* _TASK OBJECTIVE_:
Skipping each picture, output the entries exactly as they stand below.

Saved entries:
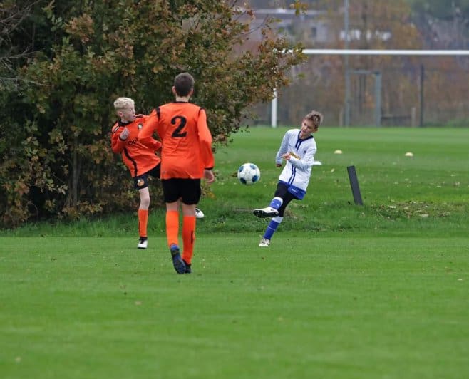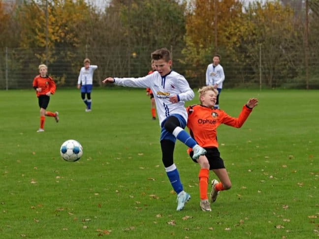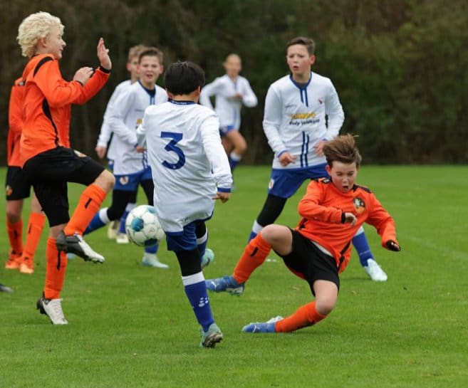 Dus blijft JO13-1 in de tweede helft met elf tegen elf knokken voor elke meter.
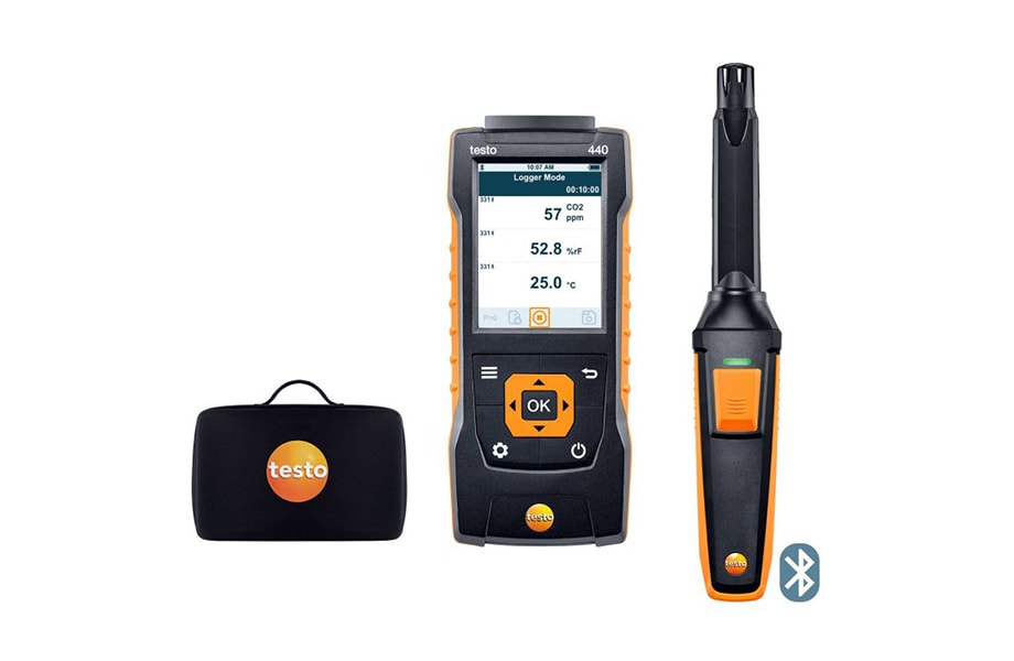 Kit per valutare la qualità dell'aria ambiente (IAQ - Indoor Air Quality). Il kit comprende lo strumento per misure ambientali testo 440 e la sonda CO2 con Bluetooth, incl. sensore termoigrometrico, il tutto sistemato al sicuro nella pratica valigetta. Così potrai iniziare subito a lavorare!
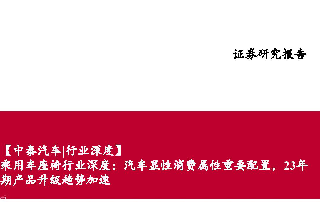 乘用车座椅:消费属性配置最重要卖点,高端配置加速下沉,升级趋势全面提速。 中观维度:电动化差异弱、智能化差异当前阶段暂不明显,消费属性配置成为车企打造差异性的重要发力点。 微观维度:座舱是消费属性配置落脚点,座椅是智能座舱最重要消费属性的硬件。 座椅升级趋势:依托零部件增量和升级实现舒适性和个性化的...
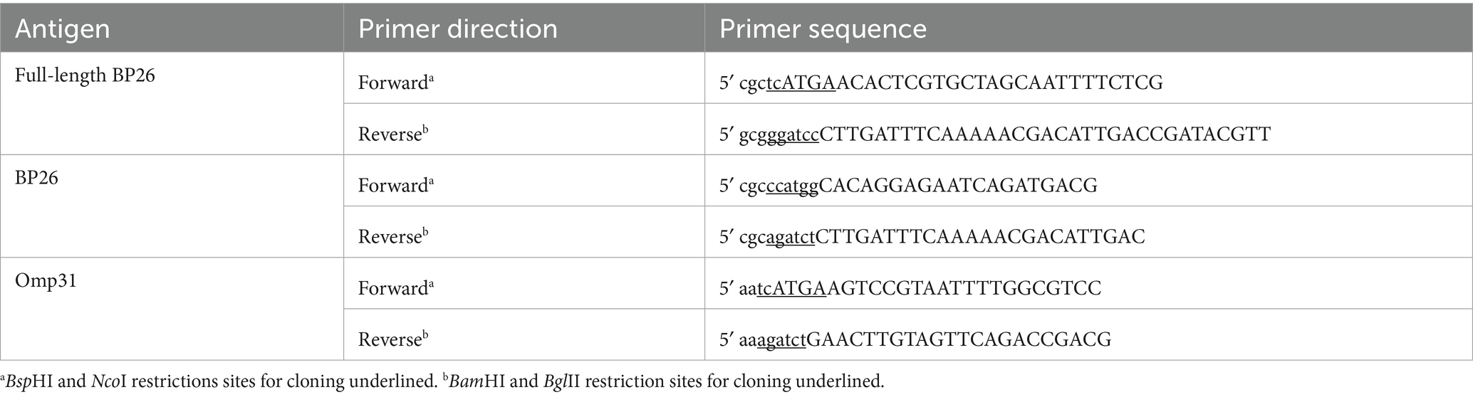 Table 1. Primer sequences for cloning of BP26 antigen.
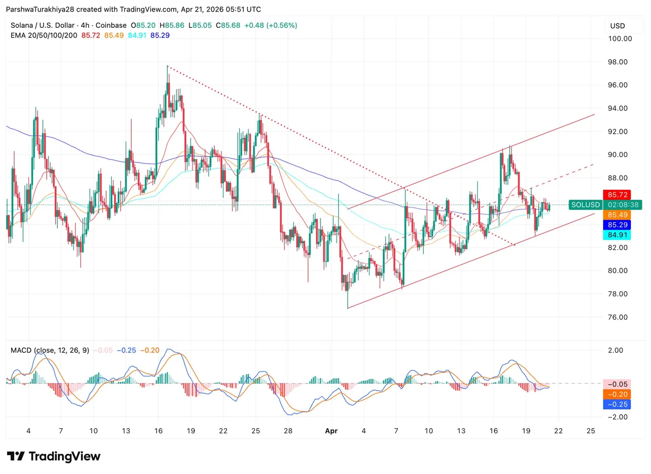 SOL trades at $85.68 on April 21, sitting on top of four compressed EMAs inside a 4H ascending wedge while the Solana Foundation president argues unified liquidity for 5.5 billion internet users makes Solana the only architecture that matters.
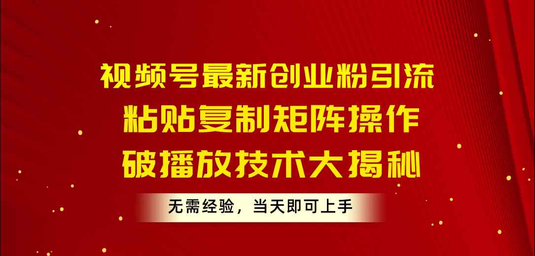 [引流-涨粉-软件] (10803期)视频号最新创业粉引流,粘贴复制矩阵操作,破播放技术大揭秘,无需经验... |
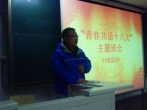 为了让同学们深入了解十八大内容,认真学习十八大精神,机电工程学院11机52班于12月12日晚7点30分在8号楼J103举办以“青春共话十八大”为主题的班会。班级团支书刘迪同学担任主持,班主任巩东超老师也出席会议。
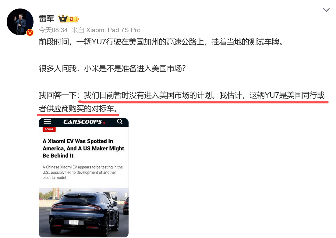 尽管小米汽车暂无进军美国市场的计划,但出海战略早已提上日程。按照卢伟冰的说法,小米汽车将先深耕国内市场,2027年再逐步拓展海外。这一策略符合市场规律,毕竟国内市场是小米汽车的基础,只有在国内站稳脚跟,才能更好地走向国际。
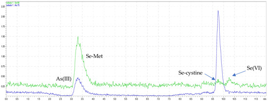 The As and Se species were completely resolved on use in the Dionex IonPac AS22 analytical column connected to the Dionex IonPac CG5A guard column with gradient elution. We applied the gradient elution to improve the separation of As and Se species. A similar way to achieve full separation of arsenicals was presented in a study by Kohlmeyer et al. (2002) [29], where the method with anion exchange with nitric acid eluents together with a doubly charged ion-pairing agent was applied to separate anions and cations of arsenicals together in a single chromatographic run. Additionally, the Sloth et al. (2003) [30] used the gradient elution for separation the organoarsenicals in one chromatographic run using cation exchange. The goal of present study was to make the simultaneous speciation of arsenic and selenium in one run; that is why we used anion exchange column in combination with an anion–cation exchange guard column, which was not yet applied in speciation analysis of metalloids. The most commonly column for speciation of arsenic is anion exchange chromatography with Hamilton PRP-X100 column [31], which we tested but did not obtain full separation of arsenic and selenium forms (Table 1). Furthermore, Sakai et al. (2001) [32] also used anion and cation exchange columns to separate eight arsenicals. In this study, we applied the combination of anion and cation exchange columns for speciation analysis of arsenicals in seafood. It is well known that chromatographic approaches, such as ion-pairing reversed-phase, ion-exchange, ion exclusion, and reversed-phase chromatographies, are reported to facilitate speciation of arsenicals in marine sample extracts. Moreover, it was confirmed that methylated arsenicals and AsSugars were successfully isolated on anion exchange columns, while cation exchange columns were efficient for separation for AsB, AsC, DMA, TMAO, TETRA, and DMAA, while for AsLipids, RP–LC was typically used with a C8 or C18 column [33]. In addition, in the literature was found that arsenobetaine (AsB) at pKa = 2.18 is zwitterionic; that is why, in our case, the use of a bifunctional column was justified [33]. The chromatographic separation obtained for the analytes in standard solutions at the mentioned concentrations are presented in Figure 1 and Figure 2. It is worth noticing that, in the case in speciation analysis of arsenic, the use of separate chromatographic methods is recommended for different groups of arsenicals because it is difficult to achieve efficient separation of anionic and cationic species using a single method. For example, in the study by Wolle et al. (2021) [34] the As(III), As(V), DMA, and MMA were separated by the anion exchange method, and AsB was separated on a cation exchange column in aqueous extracts analyzed by HPLC−ICP–MS, but each column was used separately. Morevoer, the AsB form was separated in 20 min (cation exchange) and As(V) form in 30 min (anion exchange) by HPLC–ICP–MS. Similar to our study, Sakai et al. (2001) used anion and cation exchange columns to separate eight arsenicals [32]. They obtained good resolution, but the serious limitation to apply this method was long chromatographic run time of 40 min. Furthermore, in the case of applied ion exclusion chromatography with ICP–MS detection by Nakazato et al. (2000) for separation of arsenic species, the long chromatographic run times (up to 60 min) was the main disadvantage of this method [35]. In this study, we obtained in one run of not only arsenic species but also selenium species in short chromatographic run time (10 min) with a sufficient resolution, which is to opposite to previous studies, where species of these metals were analyzed separately [36,37,38,39]. Moreover, the additional advantage of this research was the successful separation of the rarely presented organic form of selenium, Se-cystine. Other studies have focused only on total Se content [40].
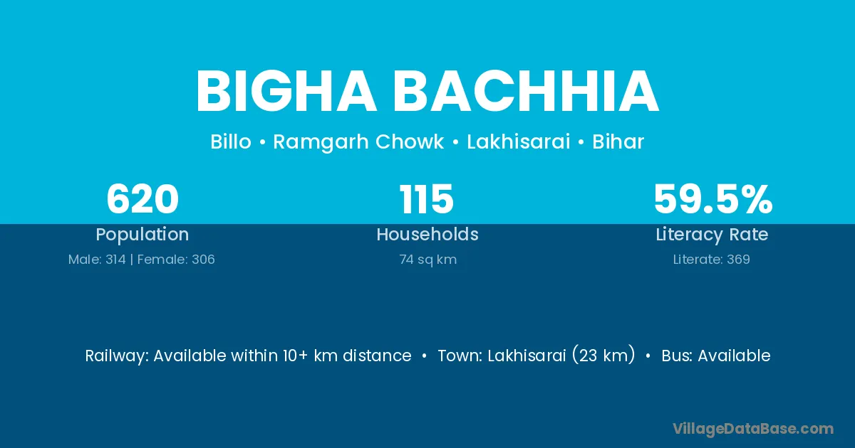 Lakhisarai (23 km) is the nearest town to Bigha Bachhia village for major economic activities and is located approximately 23 km away.
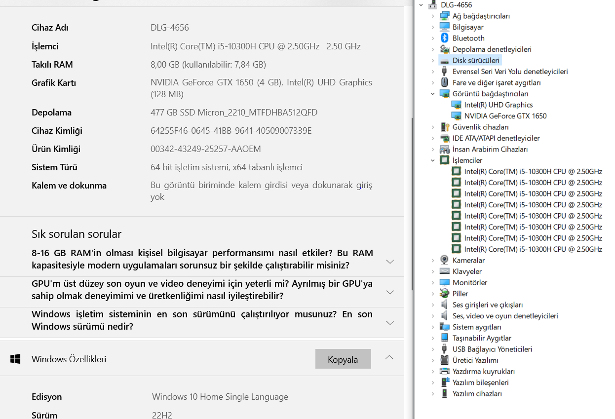 İşlemci: Intel Core i5-10300H 4 çekirdek

* _RESULT BELOW_:
 Dus blijft JO13-1 in de tweede helft met elf tegen elf knokken voor elke meter.
 Kit per valutare la qualità dell'aria ambiente (IAQ - Indoor Air Quality). Il kit comprende lo strumento per misure ambientali testo 440 e la sonda CO2 con Bluetooth, incl. sensore termoigrometrico, il tutto sistemato al sicuro nella pratica valigetta. Così potrai iniziare subito a lavorare!
 乘用车座椅:消费属性配置最重要卖点,高端配置加速下沉,升级趋势全面提速。 中观维度:电动化差异弱、智能化差异当前阶段暂不明显,消费属性配置成为车企打造差异性的重要发力点。 微观维度:座舱是消费属性配置落脚点,座椅是智能座舱最重要消费属性的硬件。 座椅升级趋势:依托零部件增量和升级实现舒适性和个性化的...
 Table 1. Primer sequences for cloning of BP26 antigen.
 SOL trades at $85.68 on April 21, sitting on top of four compressed EMAs inside a 4H ascending wedge while the Solana Foundation president argues unified liquidity for 5.5 billion internet users makes Solana the only architecture that matters.
 [引流-涨粉-软件] (10803期)视频号最新创业粉引流,粘贴复制矩阵操作,破播放技术大揭秘,无需经验... |
 为了让同学们深入了解十八大内容,认真学习十八大精神,机电工程学院11机52班于12月12日晚7点30分在8号楼J103举办以“青春共话十八大”为主题的班会。班级团支书刘迪同学担任主持,班主任巩东超老师也出席会议。
 尽管小米汽车暂无进军美国市场的计划,但出海战略早已提上日程。按照卢伟冰的说法,小米汽车将先深耕国内市场,2027年再逐步拓展海外。这一策略符合市场规律,毕竟国内市场是小米汽车的基础,只有在国内站稳脚跟,才能更好地走向国际。
 The As and Se species were completely resolved on use in the Dionex IonPac AS22 analytical column connected to the Dionex IonPac CG5A guard column with gradient elution. We applied the gradient elution to improve the separation of As and Se species. A similar way to achieve full separation of arsenicals was presented in a study by Kohlmeyer et al. (2002) [29], where the method with anion exchange with nitric acid eluents together with a doubly charged ion-pairing agent was applied to separate anions and cations of arsenicals together in a single chromatographic run. Additionally, the Sloth et al. (2003) [30] used the gradient elution for separation the organoarsenicals in one chromatographic run using cation exchange. The goal of present study was to make the simultaneous speciation of arsenic and selenium in one run; that is why we used anion exchange column in combination with an anion–cation exchange guard column, which was not yet applied in speciation analysis of metalloids. The most commonly column for speciation of arsenic is anion exchange chromatography with Hamilton PRP-X100 column [31], which we tested but did not obtain full separation of arsenic and selenium forms (Table 1). Furthermore, Sakai et al. (2001) [32] also used anion and cation exchange columns to separate eight arsenicals. In this study, we applied the combination of anion and cation exchange columns for speciation analysis of arsenicals in seafood. It is well known that chromatographic approaches, such as ion-pairing reversed-phase, ion-exchange, ion exclusion, and reversed-phase chromatographies, are reported to facilitate speciation of arsenicals in marine sample extracts. Moreover, it was confirmed that methylated arsenicals and AsSugars were successfully isolated on anion exchange columns, while cation exchange columns were efficient for separation for AsB, AsC, DMA, TMAO, TETRA, and DMAA, while for AsLipids, RP–LC was typically used with a C8 or C18 column [33]. In addition, in the literature was found that arsenobetaine (AsB) at pKa = 2.18 is zwitterionic; that is why, in our case, the use of a bifunctional column was justified [33]. The chromatographic separation obtained for the analytes in standard solutions at the mentioned concentrations are presented in Figure 1 and Figure 2. It is worth noticing that, in the case in speciation analysis of arsenic, the use of separate chromatographic methods is recommended for different groups of arsenicals because it is difficult to achieve efficient separation of anionic and cationic species using a single method. For example, in the study by Wolle et al. (2021) [34] the As(III), As(V), DMA, and MMA were separated by the anion exchange method, and AsB was separated on a cation exchange column in aqueous extracts analyzed by HPLC−ICP–MS, but each column was used separately. Morevoer, the AsB form was separated in 20 min (cation exchange) and As(V) form in 30 min (anion exchange) by HPLC–ICP–MS. Similar to our study, Sakai et al. (2001) used anion and cation exchange columns to separate eight arsenicals [32]. They obtained good resolution, but the serious limitation to apply this method was long chromatographic run time of 40 min. Furthermore, in the case of applied ion exclusion chromatography with ICP–MS detection by Nakazato et al. (2000) for separation of arsenic species, the long chromatographic run times (up to 60 min) was the main disadvantage of this method [35]. In this study, we obtained in one run of not only arsenic species but also selenium species in short chromatographic run time (10 min) with a sufficient resolution, which is to opposite to previous studies, where species of these metals were analyzed separately [36,37,38,39]. Moreover, the additional advantage of this research was the successful separation of the rarely presented organic form of selenium, Se-cystine. Other studies have focused only on total Se content [40].
 Lakhisarai (23 km) is the nearest town to Bigha Bachhia village for major economic activities and is located approximately 23 km away.
 İşlemci: Intel Core i5-10300H 4 çekirdek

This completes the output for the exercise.